# Walkin N Memphis



## Remudamom (Feb 25, 2011)

Miss Mimi. AQHA. I owned her dam and her grandam, and raised her from day one. I started her by myself. She died last year at the hands of a careless trainer. Six years old.


----------



## HopalongCassidy (Dec 19, 2010)

Oh my, i sorry to hear that. I would be very mad at that trainer. If you don't mind i'd like to know a little more about how it happened. If you don't want to say it on here You can PM me. If you don't want to say anything at all i understand. She's a very very nice girl. I can just sit here all day and look at her. R.I.P Walkin-N-Memphis.


----------



## BuckskinBorn2Fly (Mar 8, 2011)

Aww she was beautiful. So sorry for your loss  Just remember she's in a better place now.


----------



## ConnemaraPony (Mar 10, 2011)

yeah i really feel bad that your horse died but she won't have any more troubles.


----------



## Remudamom (Feb 25, 2011)

We are not 100% sure what happened because he wouldn't tell us. What he said was that she was tied up and all of a sudden she was down.

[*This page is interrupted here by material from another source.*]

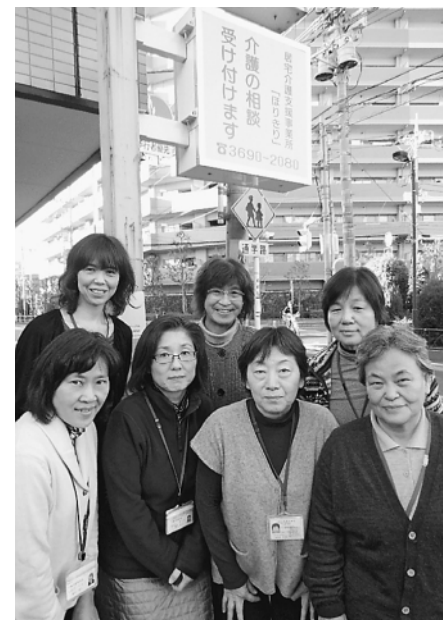
気軽にご相談下さい

介護保険が平成12年に開始した時、東京葛飾区療生協は訪問看護師がケアマネを兼務して開始しました。制度の改定が進むうちに、訪問看護とケアマネを兼務することが難しくなりました。そこで他職種も入れてケアマネの専任化を進めてきました。

Our vet who went out there said her lungs and throat were filled with blood, but her heart was fine.

I think he tied her too tight, she fell in the stall and choked herself. We'll never know.


----------



## BuckskinBorn2Fly (Mar 8, 2011)

That's horrible, whatever happened.


----------



## ConnemaraPony (Mar 10, 2011)

wow that is even more sad just the way it happened.


----------